- **TASK**
Please transcribe the data below in full. Omit any picture you find in it.

- **DATASET EXTRACT**
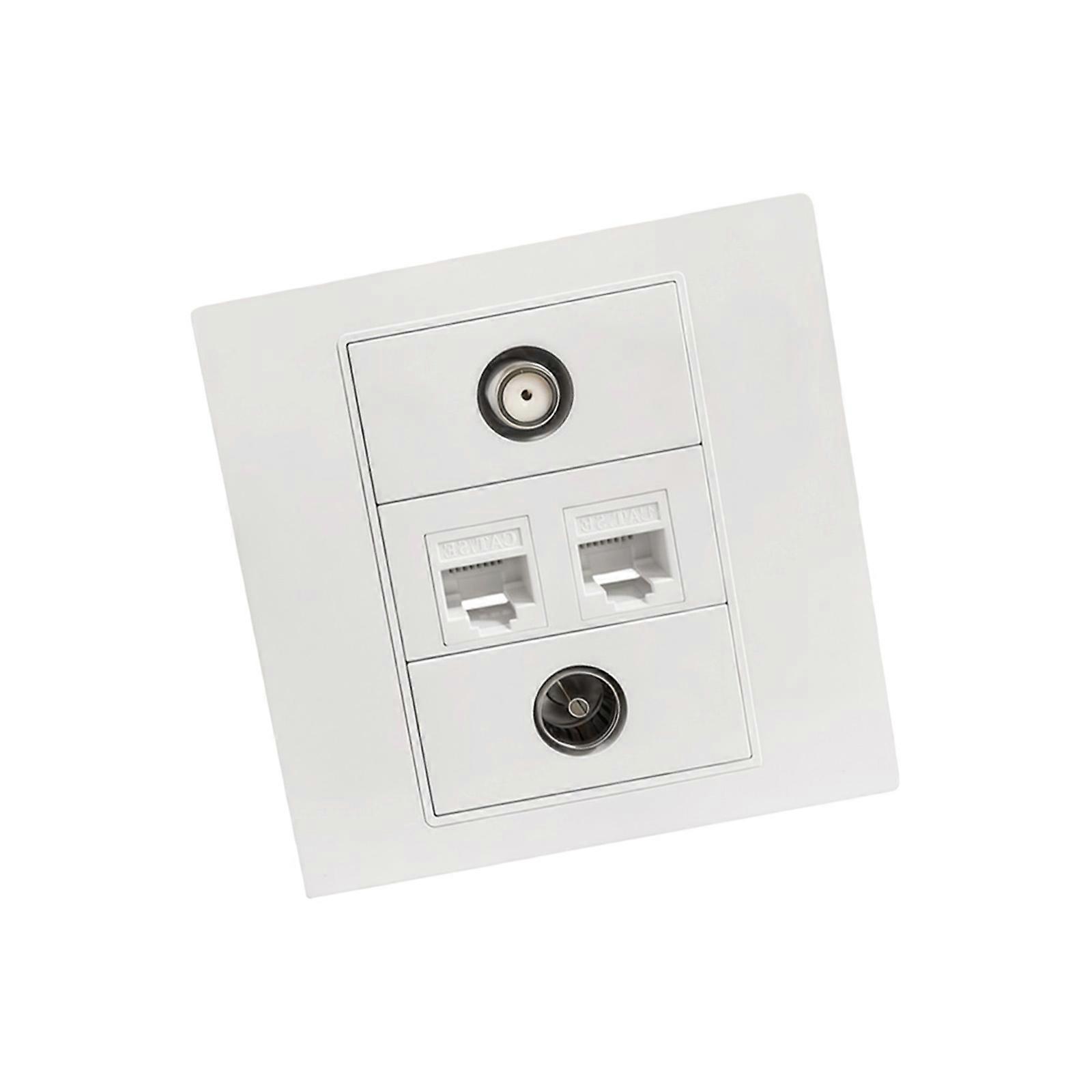 4Port Direct Plugs Multimedia Panel TV9.5 RJ45 F Connectors Wall Plate Easy Installation 86x86mm Solderless Setup Multicolor
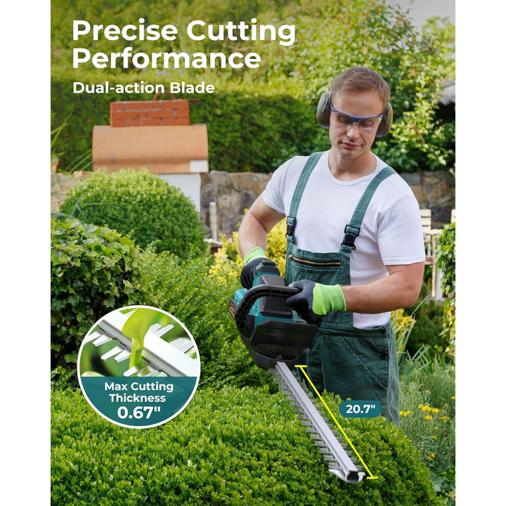 - Durable Blades: Featuring a 20.67-inch blade made of durable 65Mn steel, this hedge cutter easily cuts through branches up to 2/3 inches thick(Blade gap), delivering sharp, clean cuts every time. Ideal for soft branches up to 1/2'' diameter, trimming thin shoots on hedges, bushes, small trees and ornaments. Hardwood may require specialized tools like pruning shear or mini chainsaw. Please apply liquid oil after use to protect the hedge blade
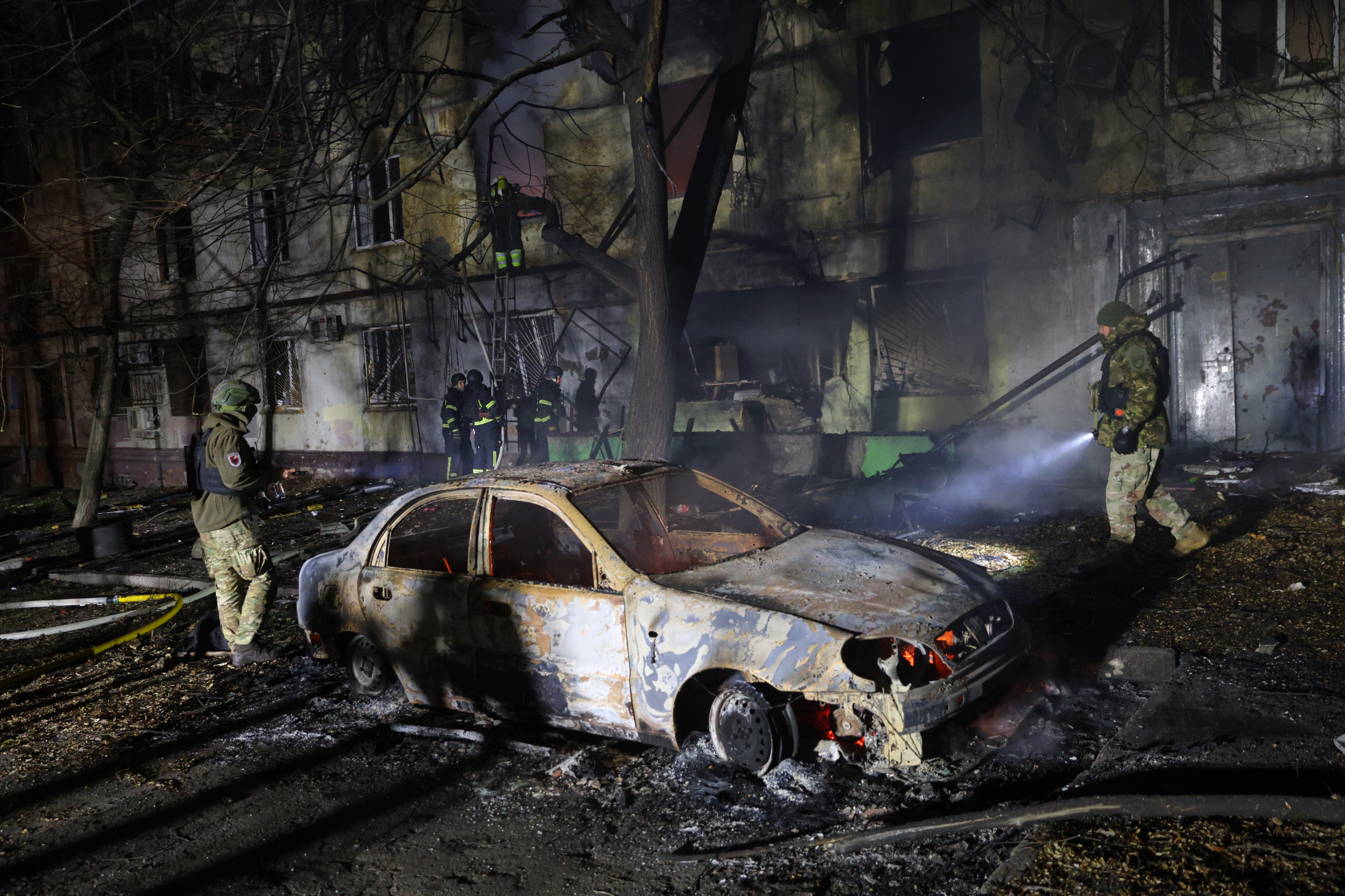 Pictured: Firefighters work at aftermath of Russian attacks in Zaporizhzhia
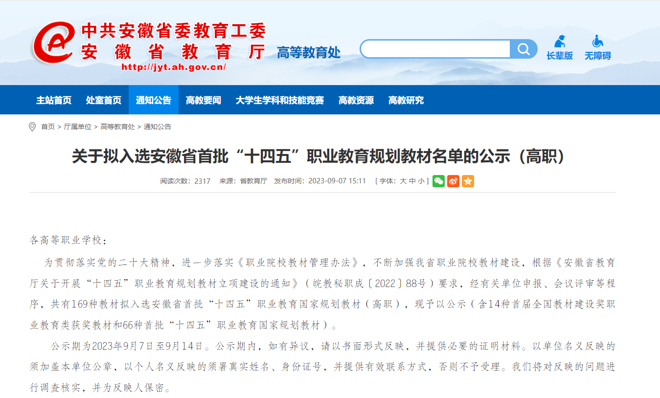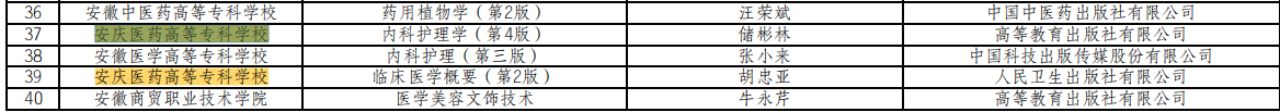 2023年9月7日,安徽省教育厅发布《关于拟入选安徽省首批“十四五”职业教育规划教材名单的公示(高职)》,我校《预防医学(第二版)》《内科护理学(第四版)》《临床医学概要(第二版)》等三本教材入选省十四五规划教材,其中《预防医学(第二版)》获得首届国家教材建设奖。

- **RESULT OF THE TASK**
 4Port Direct Plugs Multimedia Panel TV9.5 RJ45 F Connectors Wall Plate Easy Installation 86x86mm Solderless Setup Multicolor
 - Durable Blades: Featuring a 20.67-inch blade made of durable 65Mn steel, this hedge cutter easily cuts through branches up to 2/3 inches thick(Blade gap), delivering sharp, clean cuts every time. Ideal for soft branches up to 1/2'' diameter, trimming thin shoots on hedges, bushes, small trees and ornaments. Hardwood may require specialized tools like pruning shear or mini chainsaw. Please apply liquid oil after use to protect the hedge blade
 Pictured: Firefighters work at aftermath of Russian attacks in Zaporizhzhia
 2023年9月7日,安徽省教育厅发布《关于拟入选安徽省首批“十四五”职业教育规划教材名单的公示(高职)》,我校《预防医学(第二版)》《内科护理学(第四版)》《临床医学概要(第二版)》等三本教材入选省十四五规划教材,其中《预防医学(第二版)》获得首届国家教材建设奖。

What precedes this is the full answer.